▶ _Aim of the exercise_:
Each entry is to be given again exactly; drop the images.

(Saved data entries)
........
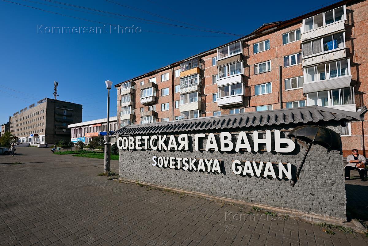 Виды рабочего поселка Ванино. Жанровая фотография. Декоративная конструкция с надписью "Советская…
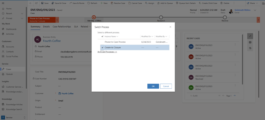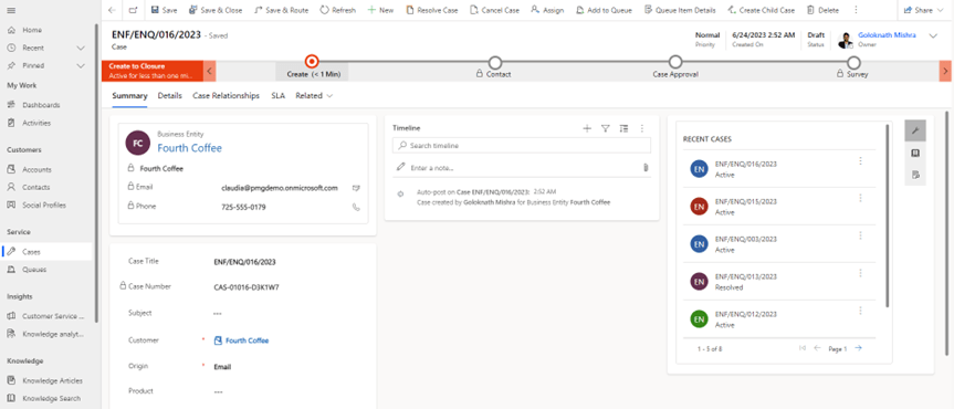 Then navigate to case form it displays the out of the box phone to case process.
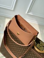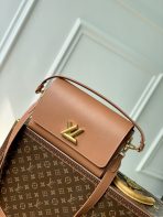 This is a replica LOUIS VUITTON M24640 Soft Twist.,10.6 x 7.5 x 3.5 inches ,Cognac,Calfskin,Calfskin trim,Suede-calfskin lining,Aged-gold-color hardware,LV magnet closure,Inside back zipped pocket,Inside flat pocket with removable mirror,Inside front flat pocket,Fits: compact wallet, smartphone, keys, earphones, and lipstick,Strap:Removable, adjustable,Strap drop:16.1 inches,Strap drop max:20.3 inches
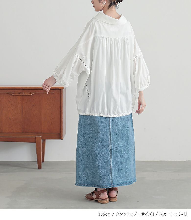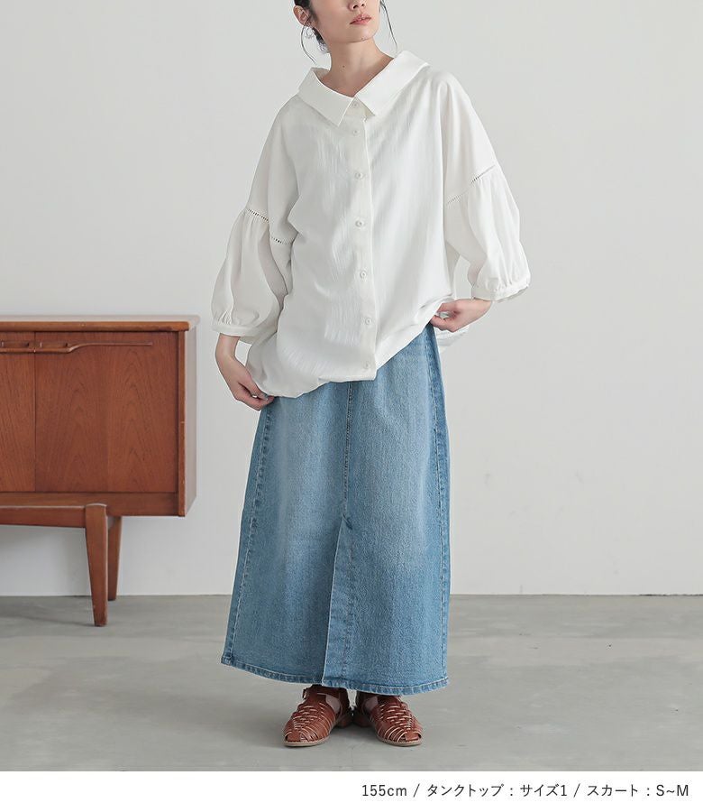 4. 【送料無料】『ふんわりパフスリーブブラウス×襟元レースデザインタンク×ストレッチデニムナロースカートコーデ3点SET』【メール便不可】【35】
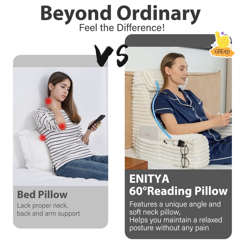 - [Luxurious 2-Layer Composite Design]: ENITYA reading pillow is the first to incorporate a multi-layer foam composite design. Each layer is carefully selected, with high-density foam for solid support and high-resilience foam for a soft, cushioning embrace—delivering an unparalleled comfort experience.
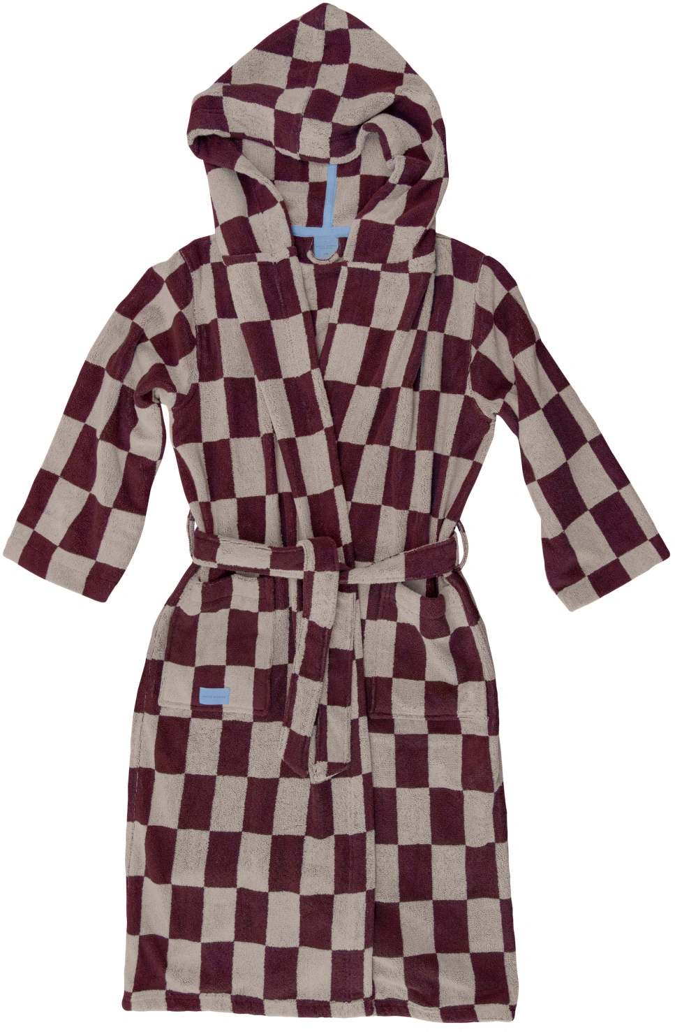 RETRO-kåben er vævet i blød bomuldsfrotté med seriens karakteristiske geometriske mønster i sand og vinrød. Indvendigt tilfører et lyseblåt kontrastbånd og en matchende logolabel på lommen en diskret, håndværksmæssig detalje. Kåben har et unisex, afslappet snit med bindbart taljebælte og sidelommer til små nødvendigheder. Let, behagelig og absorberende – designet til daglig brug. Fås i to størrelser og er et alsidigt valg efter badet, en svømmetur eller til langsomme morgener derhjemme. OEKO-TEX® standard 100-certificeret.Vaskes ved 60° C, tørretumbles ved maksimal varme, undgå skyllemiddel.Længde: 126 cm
........
▶ _Solution_:
 Виды рабочего поселка Ванино. Жанровая фотография. Декоративная конструкция с надписью "Советская…
 Then navigate to case form it displays the out of the box phone to case process.
 This is a replica LOUIS VUITTON M24640 Soft Twist.,10.6 x 7.5 x 3.5 inches ,Cognac,Calfskin,Calfskin trim,Suede-calfskin lining,Aged-gold-color hardware,LV magnet closure,Inside back zipped pocket,Inside flat pocket with removable mirror,Inside front flat pocket,Fits: compact wallet, smartphone, keys, earphones, and lipstick,Strap:Removable, adjustable,Strap drop:16.1 inches,Strap drop max:20.3 inches
 4. 【送料無料】『ふんわりパフスリーブブラウス×襟元レースデザインタンク×ストレッチデニムナロースカートコーデ3点SET』【メール便不可】【35】
 - [Luxurious 2-Layer Composite Design]: ENITYA reading pillow is the first to incorporate a multi-layer foam composite design. Each layer is carefully selected, with high-density foam for solid support and high-resilience foam for a soft, cushioning embrace—delivering an unparalleled comfort experience.
 RETRO-kåben er vævet i blød bomuldsfrotté med seriens karakteristiske geometriske mønster i sand og vinrød. Indvendigt tilfører et lyseblåt kontrastbånd og en matchende logolabel på lommen en diskret, håndværksmæssig detalje. Kåben har et unisex, afslappet snit med bindbart taljebælte og sidelommer til små nødvendigheder. Let, behagelig og absorberende – designet til daglig brug. Fås i to størrelser og er et alsidigt valg efter badet, en svømmetur eller til langsomme morgener derhjemme. OEKO-TEX® standard 100-certificeret.Vaskes ved 60° C, tørretumbles ved maksimal varme, undgå skyllemiddel.Længde: 126 cm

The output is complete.